→ **ASSIGNMENT**: Your copy should match the listing below word for word, with no images in it.

→ **AVAILABLE DATA**:
────────────────────────────────────────

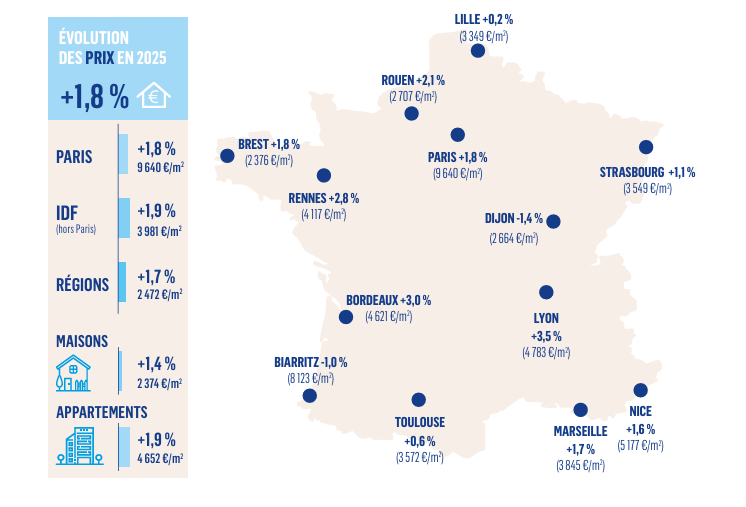 En Île-de-France, les prix augmentent de 1,9 %, pour atteindre 3 981 €/m², avec des évolutions contrastées : les Yvelines et le Val-d’Oise enregistrent seulement +0,9 % en un an. En régions, après une baisse de 3,6 % en 2024 et une stagnation en milieu d’année 2025 (-0,9 %), les prix repartent à la hausse (+1,7 %, à 2 472 €/m²). Cette augmentation reste hétérogène : les prix progressent nettement à Lyon (+3,5 %) et à Bordeaux (+3,0 %), de manière un peu plus modérée à Marseille (+1,7 %) et à Strasbourg (+1,1 %), ils stagnent à Lille (+0,2 %) et à Toulouse (+0,6 %), et reculent légèrement à Biarritz (-1,0 %) et à Dijon (-1,4 %).
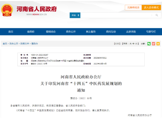 河南省“十四五”中醫(yī)藥發(fā)展規(guī)劃
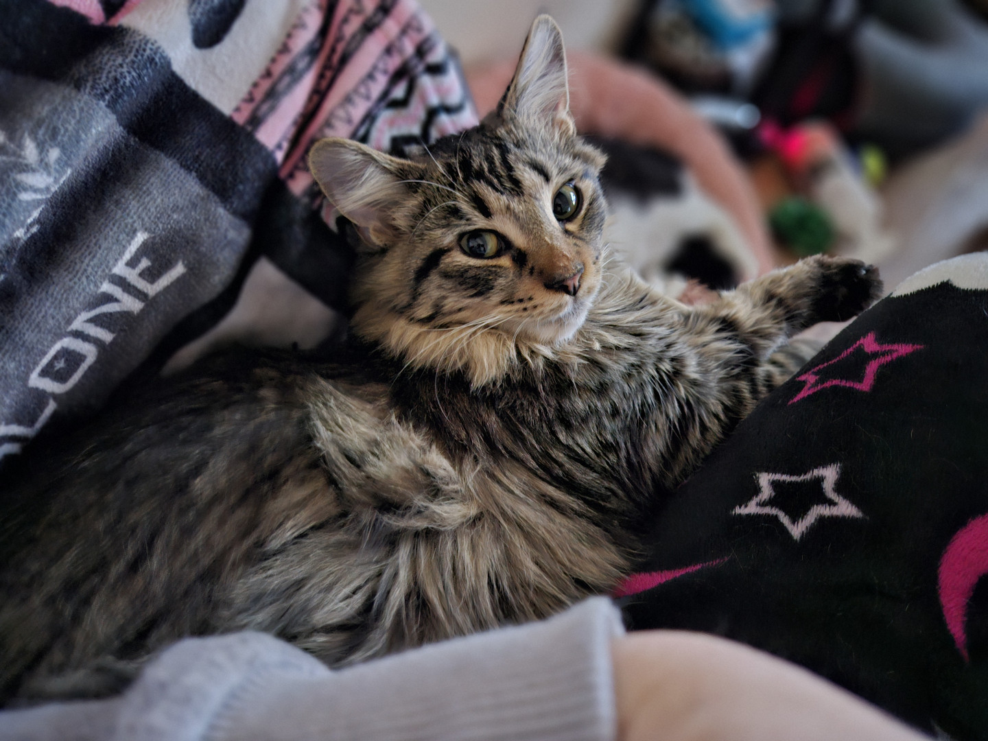 Her sweet personality. She gets along with everyone at home and loves to cuddle.
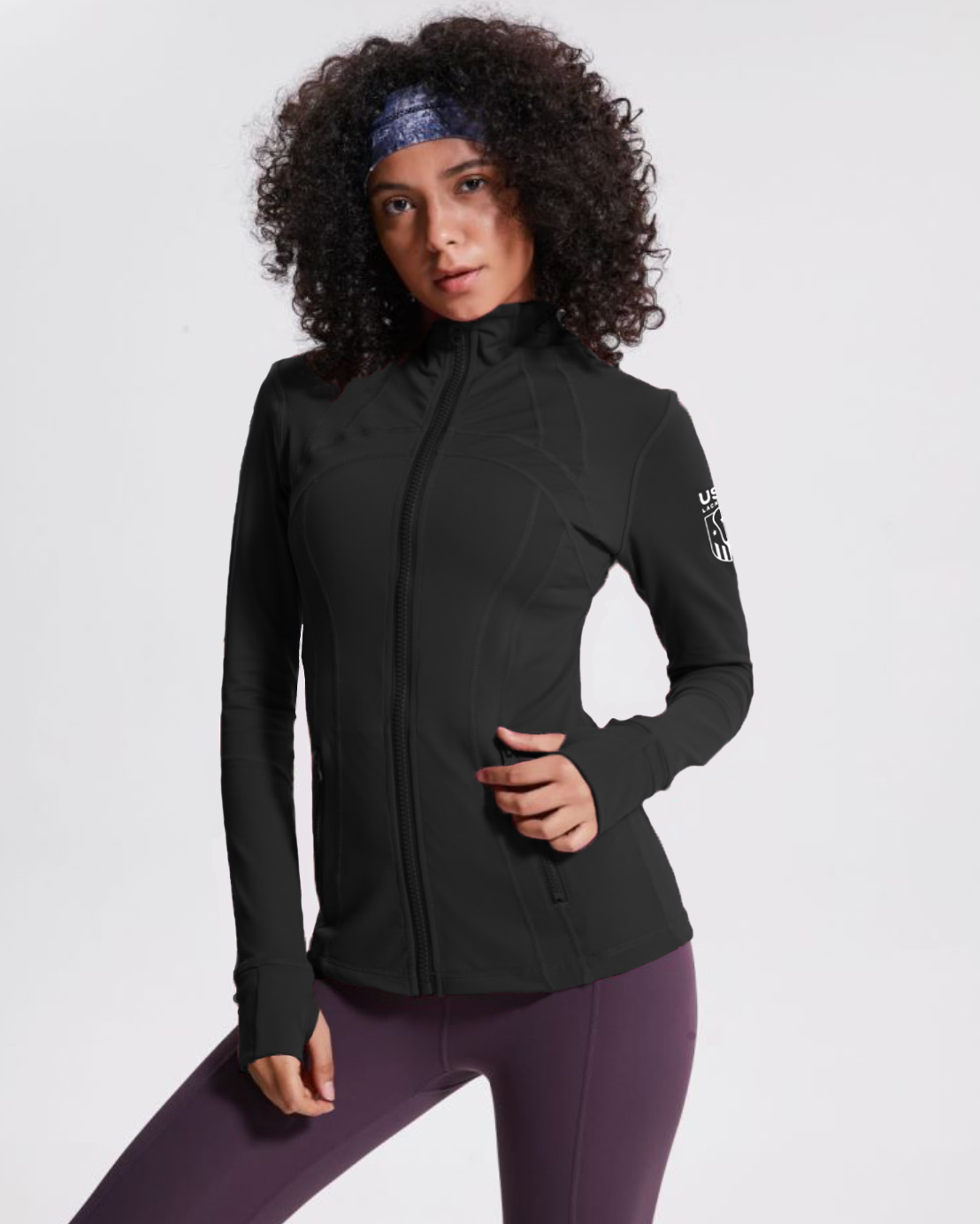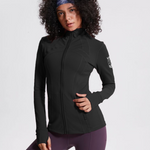 A sleek scuba jacket with secure front pockets, thumbholes and a back vent for airflow. This scuba jacket will contour to your body and become your go-to layer. Stay warm on the coolest mornings in this transitional, flattering mid weight jacket.

────────────────────────────────────────

→ **EXERCISE RESPONSE**:
 En Île-de-France, les prix augmentent de 1,9 %, pour atteindre 3 981 €/m², avec des évolutions contrastées : les Yvelines et le Val-d’Oise enregistrent seulement +0,9 % en un an. En régions, après une baisse de 3,6 % en 2024 et une stagnation en milieu d’année 2025 (-0,9 %), les prix repartent à la hausse (+1,7 %, à 2 472 €/m²). Cette augmentation reste hétérogène : les prix progressent nettement à Lyon (+3,5 %) et à Bordeaux (+3,0 %), de manière un peu plus modérée à Marseille (+1,7 %) et à Strasbourg (+1,1 %), ils stagnent à Lille (+0,2 %) et à Toulouse (+0,6 %), et reculent légèrement à Biarritz (-1,0 %) et à Dijon (-1,4 %).
 河南省“十四五”中醫(yī)藥發(fā)展規(guī)劃
 Her sweet personality. She gets along with everyone at home and loves to cuddle.
 A sleek scuba jacket with secure front pockets, thumbholes and a back vent for airflow. This scuba jacket will contour to your body and become your go-to layer. Stay warm on the coolest mornings in this transitional, flattering mid weight jacket.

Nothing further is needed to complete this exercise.